Saved entries:
___
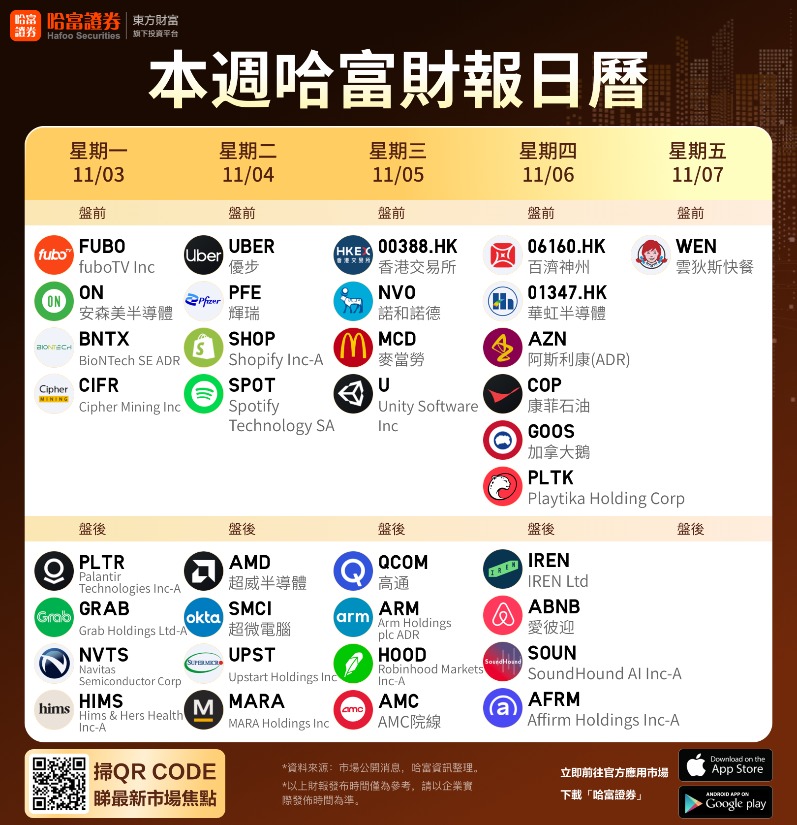 业绩方面, Applovin(APP.US) 、 Arm Holdings(ARM.US) 、 Robinhood(HOOD.US) 、 Figma Inc(FIG.US) 、 高通(QCOM.US) 将于美股盘后发布业绩; D-Wave Quantum(QBTS.US) 将于美股盘前发布业绩; 华虹半导体(01347.HK) 将公布业绩。
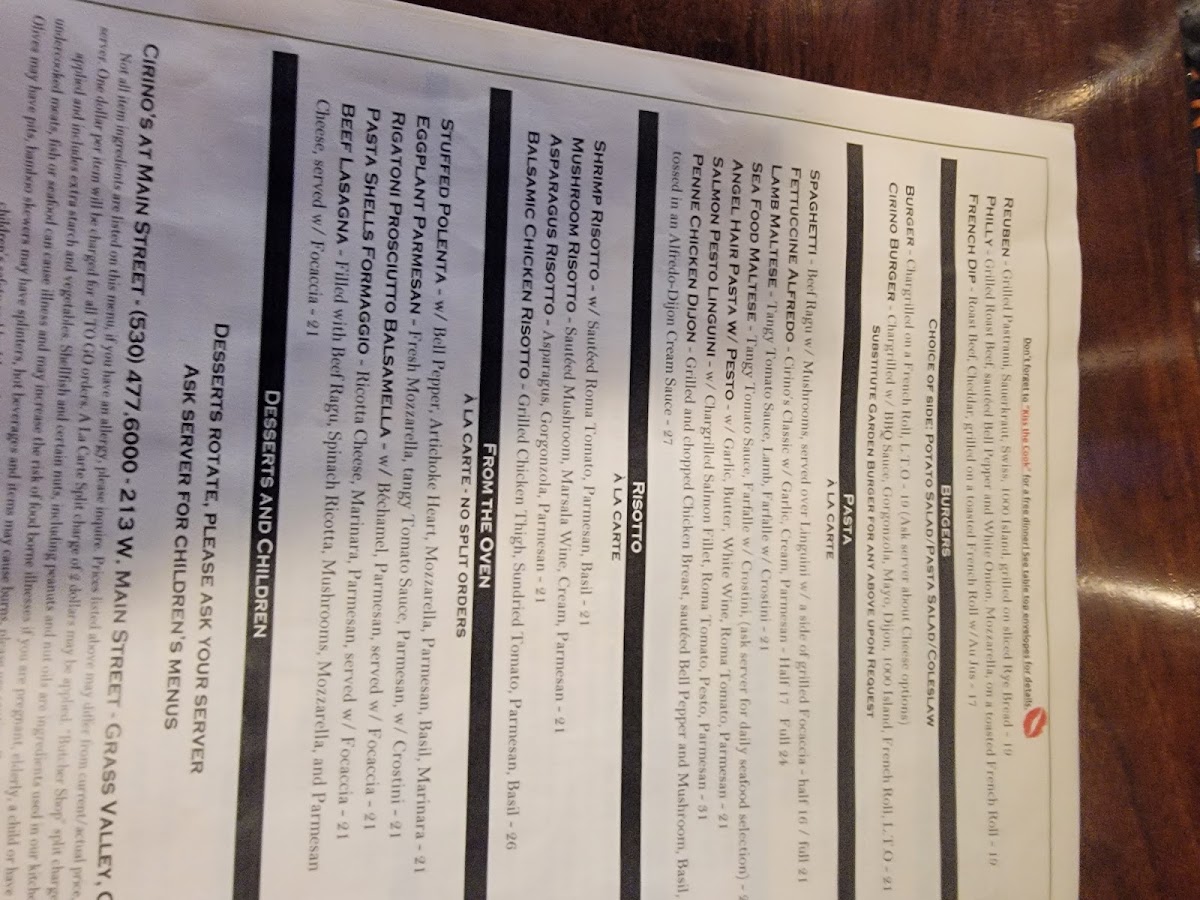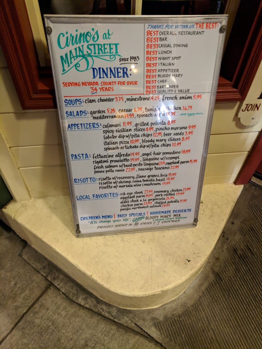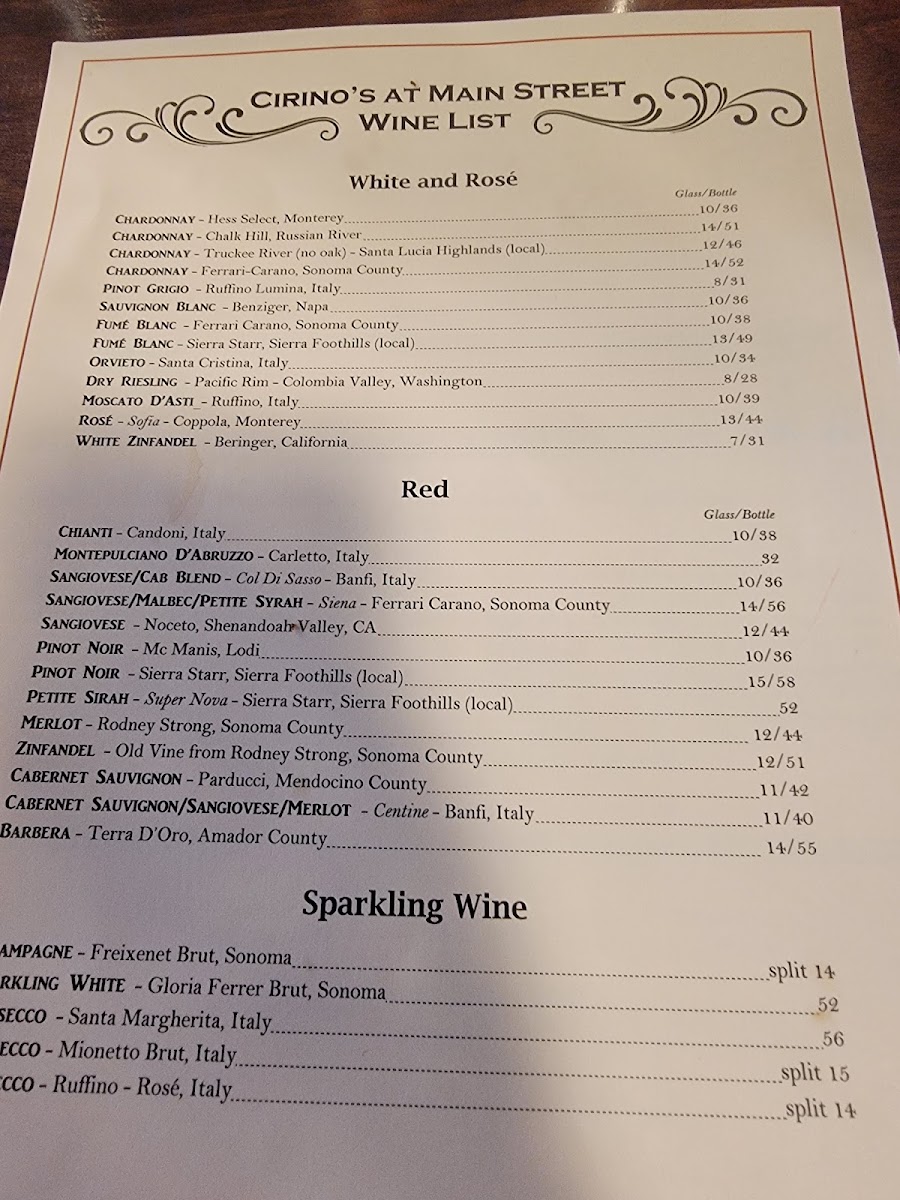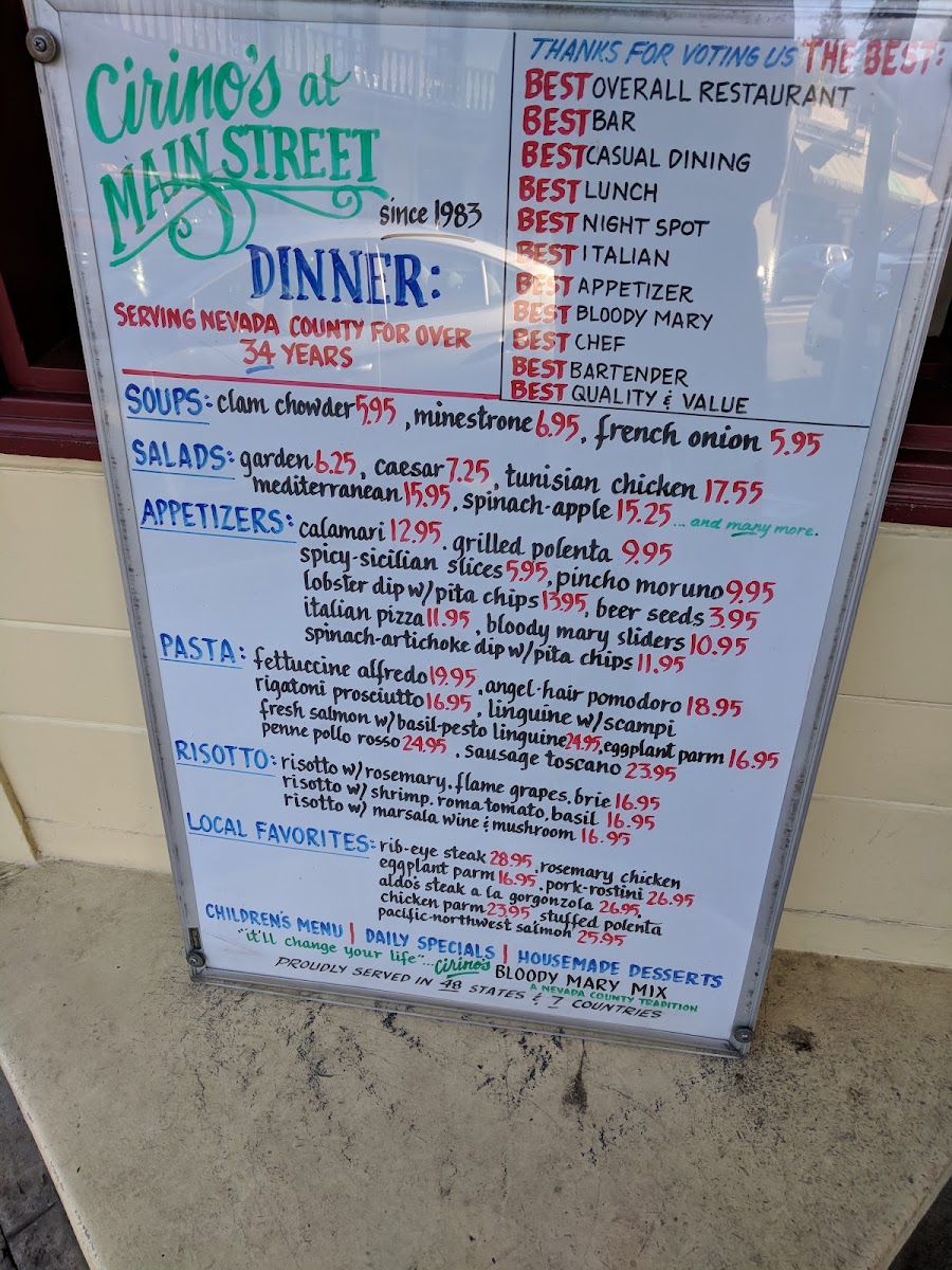 In a world brimming with dining options, Cirino's at Main Street stands out as a shining star. Whether you're a Grass Valley local or just passing through, be sure to make a stop at this classic Italian restaurant. Come experience the extraordinary flavors, unmatched service, and the warm, welcoming atmosphere that keep patrons returning time and again.
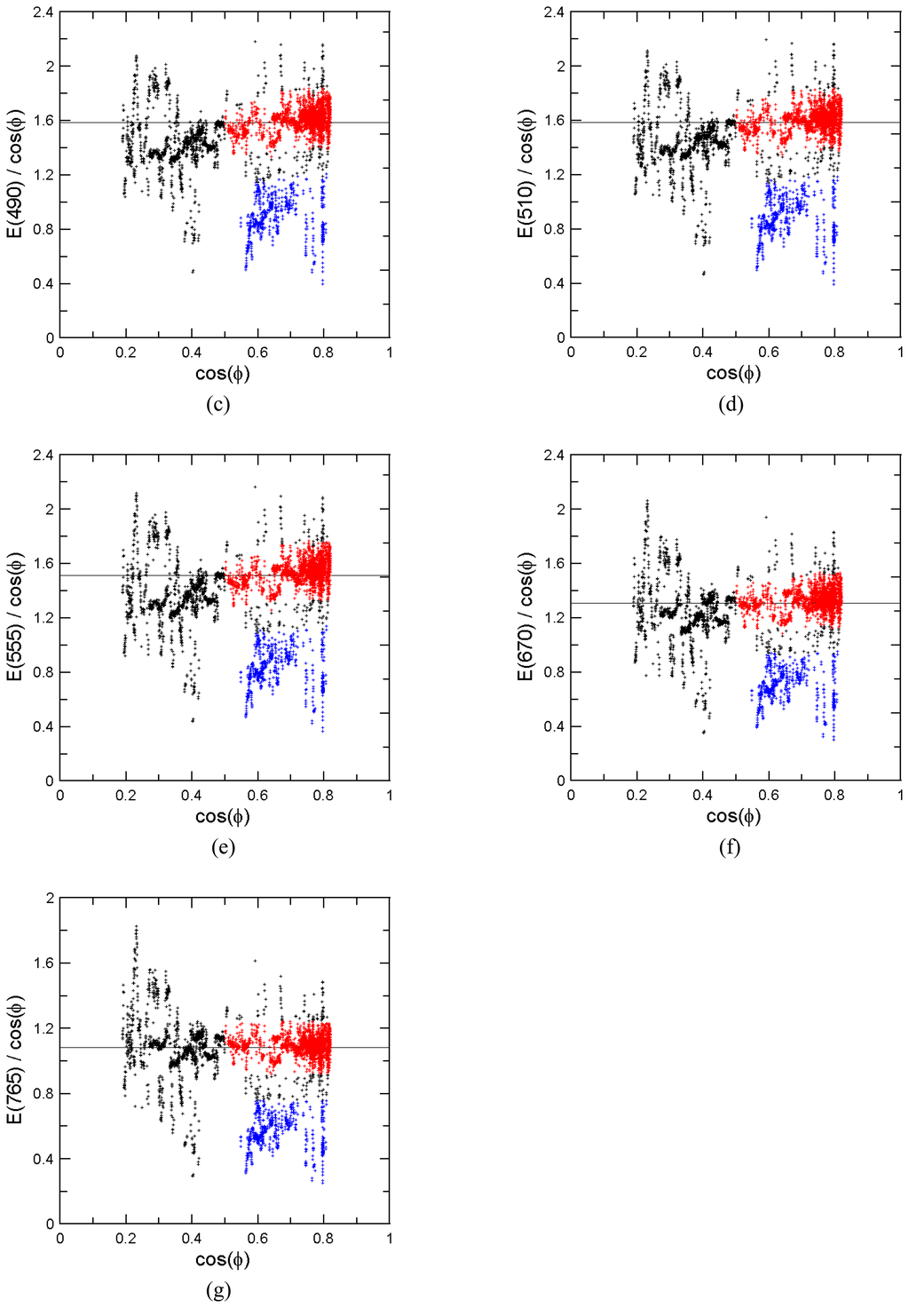 Measured downwelling irradiance E(λ) in W m-2 nm-1 divided by the cosine of the solar zenith angle ϕ. Horizontal line represents the median value of all data. Black data points were rejected for reasons described in the text, so only the red (clear sky) and blue (cloudy sky) data points were used in the averaged spectra. a) λ = 412 nm. b) λ = 443 nm. c) λ = 490 nm. d) λ = 510 nm. e) λ = 555 nm. f) λ = 670 nm. g) λ = 765 nm.
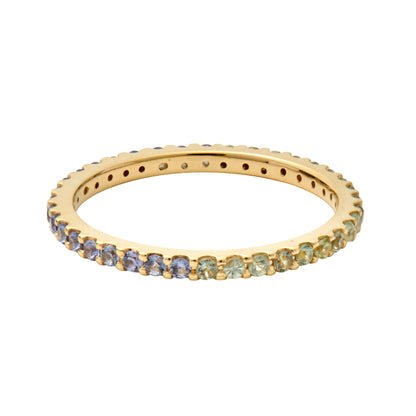 This Ottoman Band eternity ring reimagines the classic with a striking ombré of green and purple gems, blending 0.30cts of green sapphires and 0.28cts of purple sapphires in 18k gold. A colorful alternative to the traditional diamond band, it stuns as an unconventional wedding band or stacked for a pop of color.
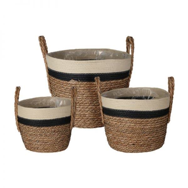 Καλάθι πλεκτό ψάθινο τρίχρωμο με χεράκια 33 εκ. x 33 εκ. χ 35,5 εκ. (1 τεμ.)
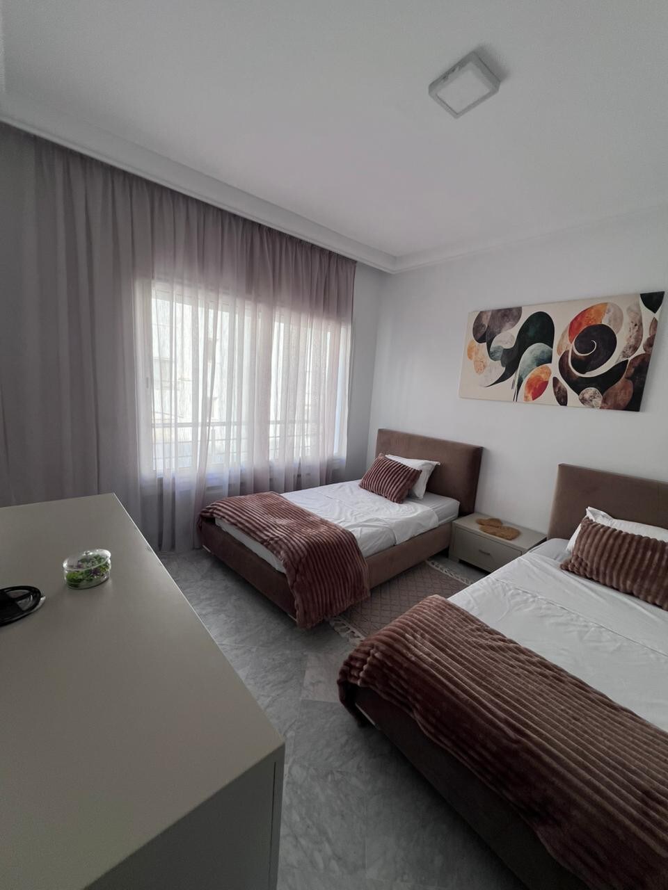 Etg 2的完整豪華住宿180平方公尺,有3間臥室。 住宅區設備齊全,適合家庭或商務人士入住。 地理位置理想,靠近通往蘇塞市中心或海灘的高速公路,以及Hammamet或Monastir軸線。50公尺外有2家汽車租賃公司,以最優惠的價格租車。 住宿期間可免費使用距離住宿800公尺的Sousse健身房Body Line Sousse ( Musculation、Cardio、Taekwendo )
___
DIRECTIONS FOR THIS TASK:
Would you please write out the entries in full, exactly as they read, but without pictures?

COMPLETED TASK:
 业绩方面, Applovin(APP.US) 、 Arm Holdings(ARM.US) 、 Robinhood(HOOD.US) 、 Figma Inc(FIG.US) 、 高通(QCOM.US) 将于美股盘后发布业绩; D-Wave Quantum(QBTS.US) 将于美股盘前发布业绩; 华虹半导体(01347.HK) 将公布业绩。
 In a world brimming with dining options, Cirino's at Main Street stands out as a shining star. Whether you're a Grass Valley local or just passing through, be sure to make a stop at this classic Italian restaurant. Come experience the extraordinary flavors, unmatched service, and the warm, welcoming atmosphere that keep patrons returning time and again.
 Measured downwelling irradiance E(λ) in W m-2 nm-1 divided by the cosine of the solar zenith angle ϕ. Horizontal line represents the median value of all data. Black data points were rejected for reasons described in the text, so only the red (clear sky) and blue (cloudy sky) data points were used in the averaged spectra. a) λ = 412 nm. b) λ = 443 nm. c) λ = 490 nm. d) λ = 510 nm. e) λ = 555 nm. f) λ = 670 nm. g) λ = 765 nm.
 This Ottoman Band eternity ring reimagines the classic with a striking ombré of green and purple gems, blending 0.30cts of green sapphires and 0.28cts of purple sapphires in 18k gold. A colorful alternative to the traditional diamond band, it stuns as an unconventional wedding band or stacked for a pop of color.
 Καλάθι πλεκτό ψάθινο τρίχρωμο με χεράκια 33 εκ. x 33 εκ. χ 35,5 εκ. (1 τεμ.)
 Etg 2的完整豪華住宿180平方公尺,有3間臥室。 住宅區設備齊全,適合家庭或商務人士入住。 地理位置理想,靠近通往蘇塞市中心或海灘的高速公路,以及Hammamet或Monastir軸線。50公尺外有2家汽車租賃公司,以最優惠的價格租車。 住宿期間可免費使用距離住宿800公尺的Sousse健身房Body Line Sousse ( Musculation、Cardio、Taekwendo )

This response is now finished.